L’examen des caractéristiques du style des poètes étudiés conduit à établir une différenciation entre eux : Mallarmé et Biély cherchent une analogie directe entre les deux arts (poésie et musique), tandis que chez Verlaine, la musicalité se consacre à un principe acoustique d’euphonie et de sonorité, et c’est pour cela que ce dernier a produit une poésie profondément musicale. En revanche, Mallarmé a présenté une poésie très travaillée au niveau de la forme. Enfin, Blok et Verlaine forment un duo différent de celui formé par Biély et Mallarmé. Blok se laisse prendre par la musique (qu’il définit comme l’art du mouvement) et les rythmes du monde, Verlaine se laisse effleurer par la multiplicité des réalités pour proférer un langage dont la force réside plus dans la mélodie que dans l’intensité. Blok et Verlaine sont plus spontanément musicaux que Mallarmé et Biély. Ils se laissent saisir comme leurs auteurs se laissaient saisir par les traces sonores des mouvements du monde. Mais après lecture, Mallarmé et Biély suscitent bien davantage de commentaires, d’analyses, et d’interprétations. Ils ne s’abandonnent pas, ils cherchent à reconstruire un univers qui va happer le lecteur. Comme toute oeuvre, ils laissent transparaître confusément les données premières qui ont servi à leur élaboration, l’esprit de leur créateur, son type de perception et son attitude face au monde.

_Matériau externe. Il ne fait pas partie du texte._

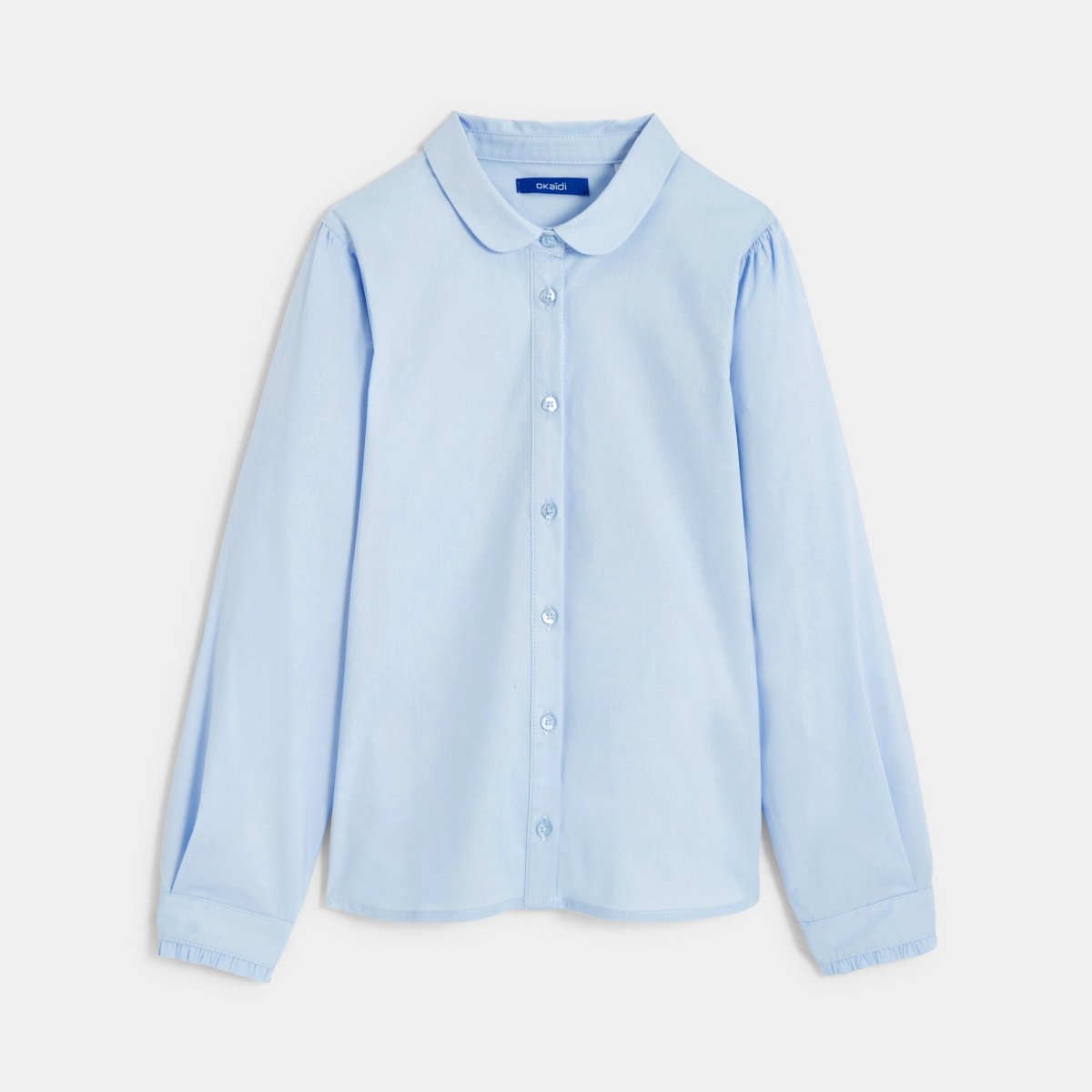 قميص للفتيات باللون الفيروزي السادة بياقة بيتر بان

Le destin des quatre grands noms évoqués au cours de cette étude, Verlaine, Mallarmé, Blok et Biély, fournit des indices intéressants : Verlaine est lu, ses poèmes sont parmi les plus belles pièces de la poésie française. Mallarmé a produit des textes hermétiques dont quelques-uns seulement demeurent gravés dans les mémoires, mais ils sont toujours restés objet de séduction auprès de nombreux intellectuels et théoriciens. Blok a produit des poèmes comme ceux de Verlaine qui demeurent lus et relus.

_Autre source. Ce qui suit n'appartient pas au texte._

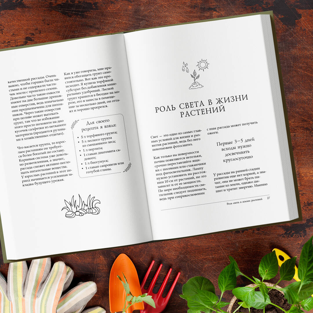 Мечтаете создать на своем загородном участке атмосферу комфорта и уюта? Горите желанием вырастить урожай без применения ударных доз минеральных удобрений, химических фунгицидов, инсектицидов и гербицидов? Даже если ваш участок размером всего в пять соток, при правильной планировке и проверенной агротехнике вам удастся не только получить разнообразный и довольно богатый урожай, но и благоустроить территорию с минимальными затратами! Марина Рыкалина - популярная ведущая передачи о дачном хозяйстве на телеканале «Усадьба», блогер @marina_rikalina (147 тыс. подписчиков) и автор канала на YouTube «Дачные сезоны с Мариной Рыкалиной». Автор на протяжении многих лет показывает дачникам на собственном примере, что можно вырастить богатые урожаи даже в неблагоприятной климатической зоне, применяя принципы органического земледелия. В этой книге вы найдете: - способы посева семян на рассаду для лучшей всхожести; - правила досветки всходов, рецепт идеального грунта и сроки пересадки; - современные органические подкормки и удобрения; - рекомендации по оптимальной планировке огорода.| Издательство | Эксмо |
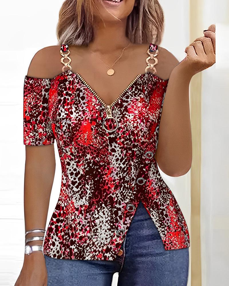 Style:Casual Type:Tee Material:Polyester Neckline:Cold Shoulder Sleeve Style:Short Sleeve Length:Regular Pattern Type:Leopard Decoration:Zipper Fit Type:Skinny Occasion:Daily Package Include:1*T-Shirt

Enfin, il va de soi que l’étude des liens entre la musique et la poésie est une tâche ardue. En outre, chaque création dépend du type de perception de son propre créateur. En étudiant ce sujet, on peut percevoir que les artistes se sont trouvés face à une interrogation difficile, parfois obsédante, voire douloureuse : celle de savoir comment intégrer les données d’un autre art au leur. Leurs différentes façons de résoudre le problème les ont projetés hors des frontières circonscrivant habituellement leur art, et ont permis d’ébaucher deux orientations correspondant à deux états d’âme différents, et par conséquent à deux types d’artistes différents.